Vitality

‘Sun Eating Diet’ vs. ‘Moon Diet’: All You Need To Know Before Taking On These Fads

sun diet
A couple relax on deckchairs in the warm weather in Hyde Park in London, July 18, 2014. Getty Images/Oli Scarff

Fad diets are the go-to option for some people who wish to lose weight quickly. However, the sustainability of this method is repeatedly questioned and some of these diets may have implications on your long-term health.

Among the diet fads are some that are linked to celestial bodies, such as the sun and the moon.

So, what is the solar diet and is it safe?

Those who swear by it claim that gazing at the sun replaces their need for food and also tends to improve their vision and quality of sleep. A number of women in Hong Kong are subscribing to this fad — usually carried out during times of sunrise or sunset, to avoid damage to the eyes.

“We practice sun gazing as a substitute for eating. Some of us who have finished the therapy now eat less, and others don’t have to eat at all,” a lady told Hong Kong-based Oriental Daily (in Chinese).
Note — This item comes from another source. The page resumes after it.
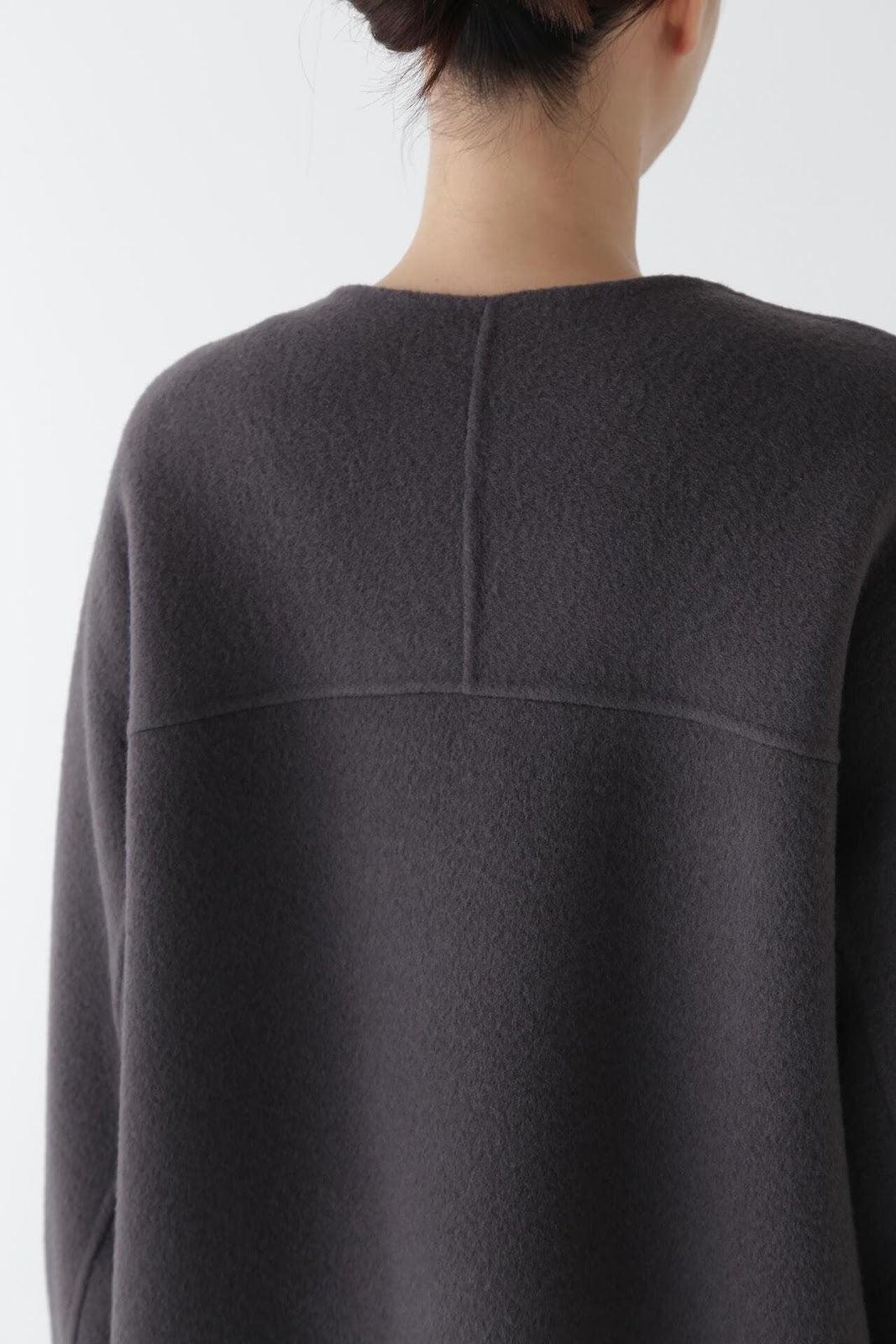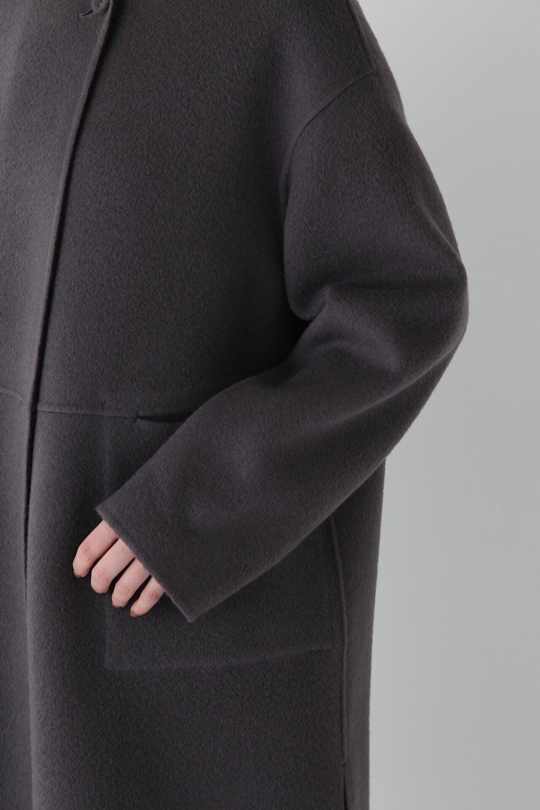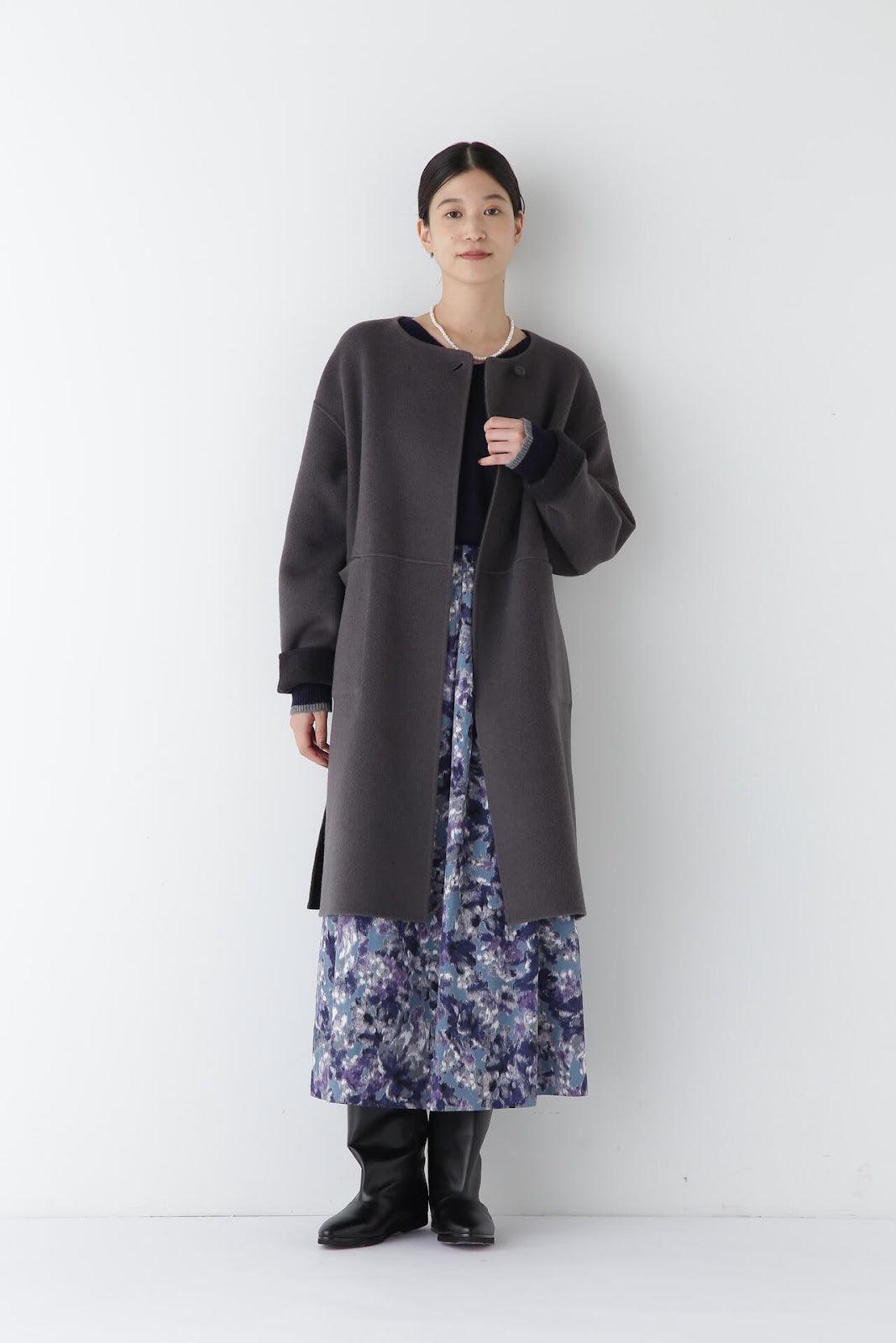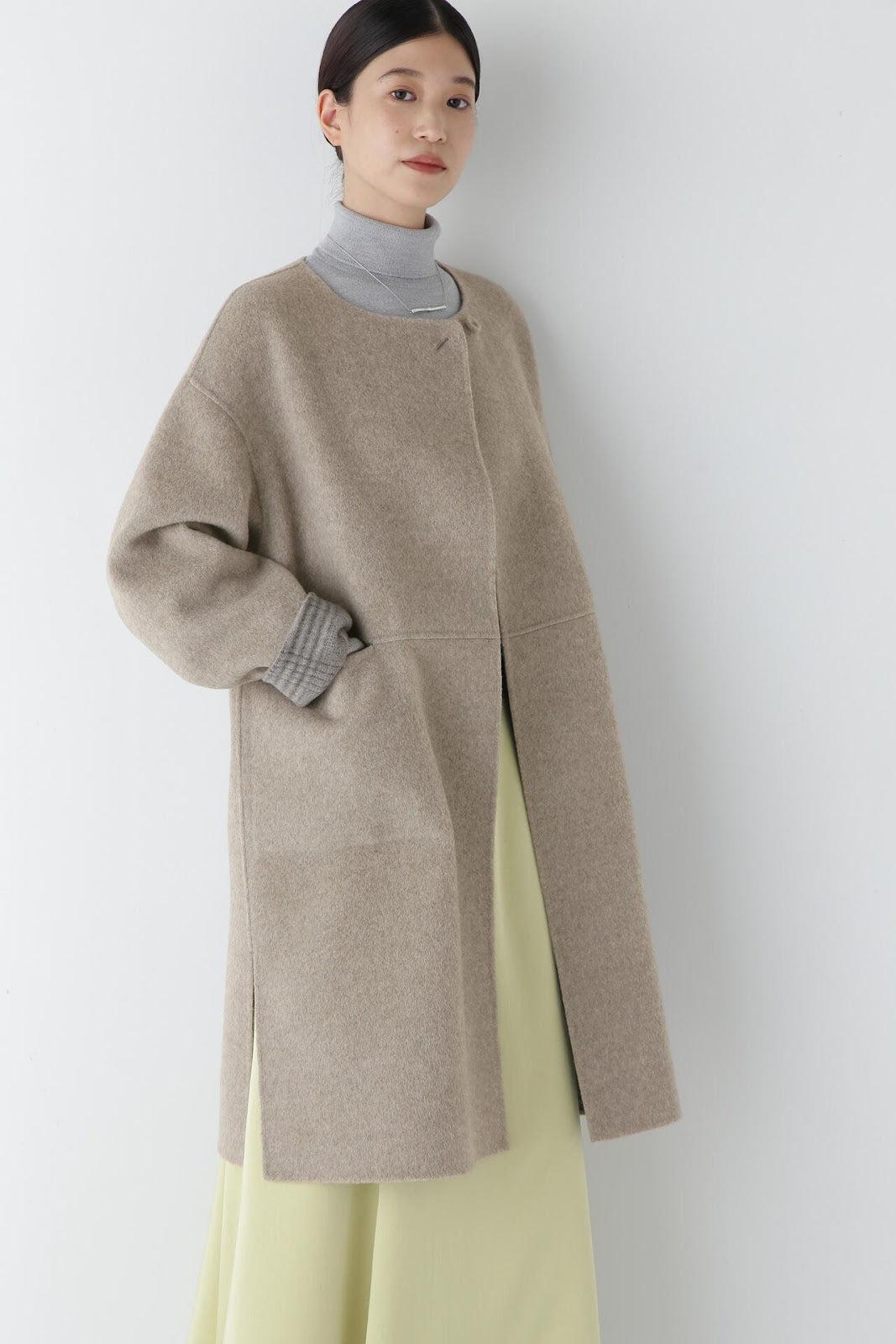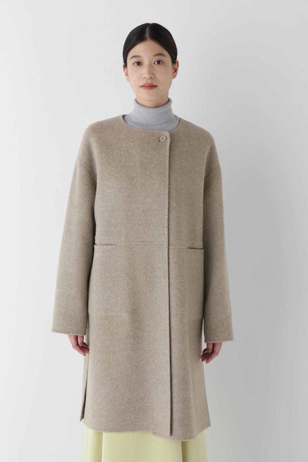 用標準優質材料量身定製的河邊大衣 [設計特色] 這是一款人類女性標準優質河邊大衣。本季採用方領無領款式,前緣寬大。由於採用了完全可翻轉的縫製和可翻轉的規格,因此可以將兩側朝外穿著。重點還在於通過剝離塔夫綢加工而成的鴿子孔胡桃木紐扣。面料由雙面凸起的梅爾頓製成,帶有優雅的毛皮。本季增加了紋路,以延長穿著時間。一面為原色格倫格子。推薦座標】奢華的反縫剪裁,只需穿上它,就能彰顯高貴氣質。無論在線上還是線下,它都能活躍起來。雙面設計可讓您根據心情享受不同的印象。

Advocates of the diet say it works by absorbing solar energy to fuel their bodies but this claim is widely disputed by healthcare experts.

“Humans lack the ability to photosynthesize — turning the sun’s light into energy — which is why we eat plants who do this for us,” Jo Travers from the London Nutritionist said, calling the diet a “mad idea,” Huffington Post reported.

Charlotte Stirling-Reed from SR Nutrition has called "sun-eating" a potential danger to life, saying: “I’ve seen some terrible faddy diets in my time, but this one definitely makes it up there with the worst and probably one of the most life-threatening ones.”

She added: “Ultimately common sense (as well as science) tells us that our bodies need food. We need calories, macronutrients and micronutrients through diet in order to survive. The food we eat ensures we have the energy needed to survive, to move and to function day to day. ... Nutrition also helps with a whole host of other essential processes such as repairing and replacing cells and tissues, for immunity and to keep our organs such as our brain and heart working. Another word for this fad is starvation.”

And what, then, is the moon diet and does it work?

Also referred to as the lunar or werewolf diet, this fad diet has reportedly been tried by A-list celebrities Madonna and Demi Moore, and is based on the known effects of the moon’s gravitational pull on earth’s oceans and rivers.

According to Christian Dyuraffur, president of the International Federation of Phyto and Aromatherapy, during a new or full moon, there is an effect on our metabolism due to the shift in atmospheric pressure — allowing for faster removal of fat and toxins from the body.

The diet can reportedly help a person shed 6 lbs. in just 24 hours on a full or new moon.

The dieter can opt for the basic moon diet plan, two-moon diet plan or the extended moon diet plan, based on the time period they can devote to the process. The shorter diets require the person to go on a liquid cleanse while the extended one allows solid foods.

The scientific basis of this diet is contested but the effects of the moon have been proven over time. The moon diet results in weight loss possibly because it is based on fasting for several short periods. It leads to a loss in excess body fat, not water, reports say. 

However, people going on a lunar diet are advised to consult with their doctor before taking the plunge and looking up the lunar calendar.